The Press for Change Debate (Foreword)

Edited by Christine Burns


Foreword

The plight of transsexuals in Britain is something of a state secret, to judge by the lack of knowledge displayed by normally well-informed people.  When the press deals with the topic at all, then it is usually in a simple and voyeuristic fashion, ignoring the real legal issues that face people who’ve made such an important choice about themselves.

It isn’t just that transsexuals can’t get married, although this is important … nor is the refusal of the authorities to annotate their birth certificates as trivial an issue as it may at first sound.

Transsexuals are only offered treatment by respectable medical professionals because the distress they are suffering is recognised worldwide as a rare but statistically constant syndrome in all societies.  The cause is suspected to be genetic, and there is strong circumstantial evidence to this effect, but if there is any uncertainty as to the cause then the effect is very well-documented and understood.  When untreated, studies have shown that as many as 30% of subjects commit or attempt suicide; the extent of their distress is that great.  Yet when treated in the only way that has been found to work (by so-called surgical re-assignment) other studies show the success rate to be up to 95%.  Informed medical opinion worldwide is therefore now totally united when it comes to diagnosing and treating such people.

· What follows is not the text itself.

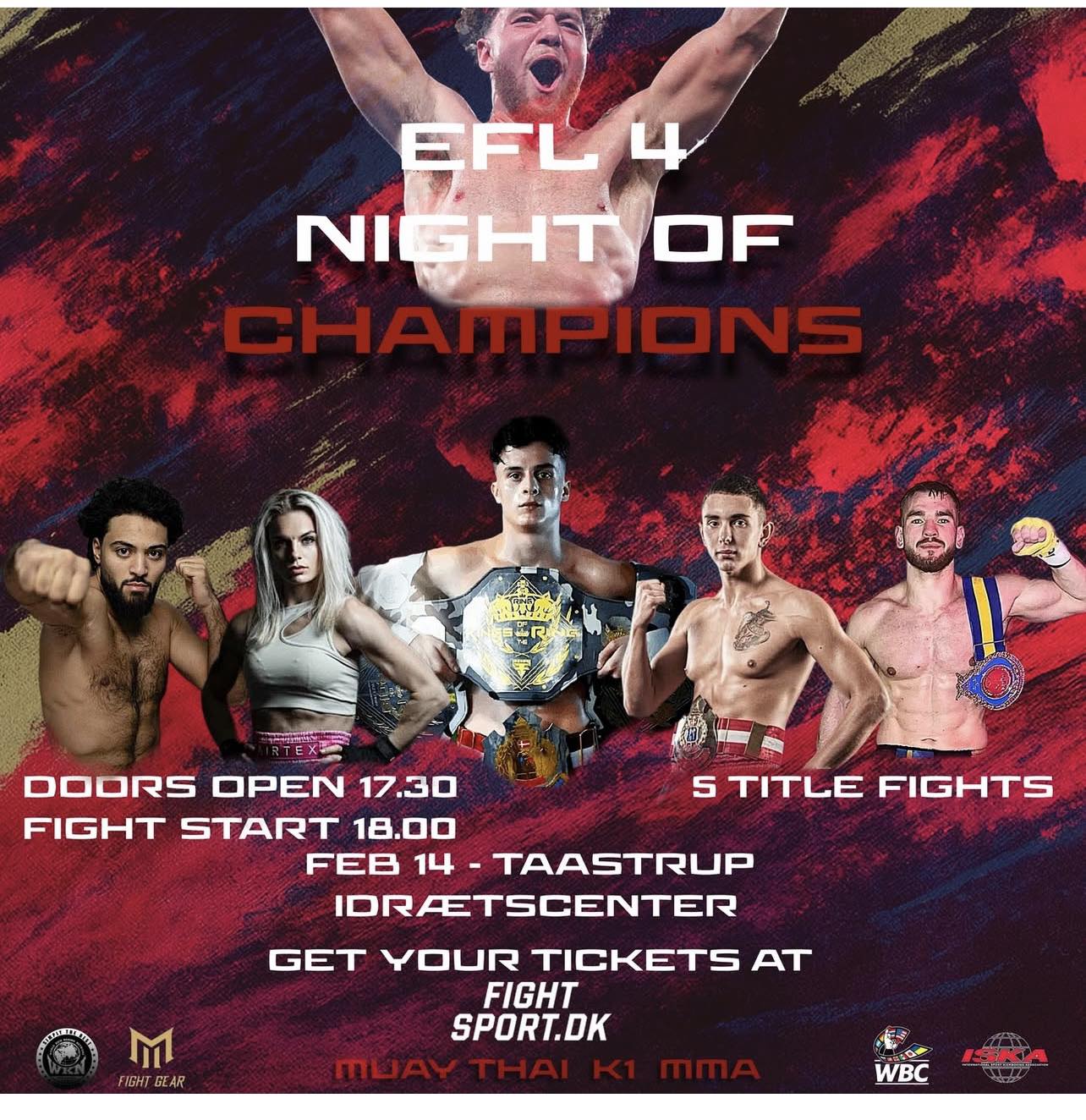 The WKN is proud to announce its continued collaboration with EFL for the upcoming “EFL 4: Night of Champions” in Taastrup, Denmark. As a global leader in combat sports sanctioning, the WKN is always honored to return to Danish soil to oversee high-caliber championship bouts.

However, once a transsexual embarks on the carefully monitored process of social, hormonal and (finally) surgical adjustment to resolve their crisis they loose a whole collection of fundamental rights overnight, without a single word against them in the statute book.  They can be dismissed quite blatantly for their condition, regardless of circumstances, and with no legal protection.  They are unprotected by the law in their adopted role yet, if they transgress themselves, then their punishment will often include being sent to an inappropriate prison … and often includes cessation of their treatment.  Their unaltered social security status leaves even the best settled of cases open to exposure for the rest of their lives and, when they die, a transsexual’s next of kin will have to tidy up their affairs with a death certificate which records their ’legal’ sex.  In-between they are left the full responsibility to disclose that ’legal’ sex in any situation where it is conceivable that omission to do so would constitute a fraud.  The simple business of getting a car insurance quote is, for instance, transformed into a major nightmare.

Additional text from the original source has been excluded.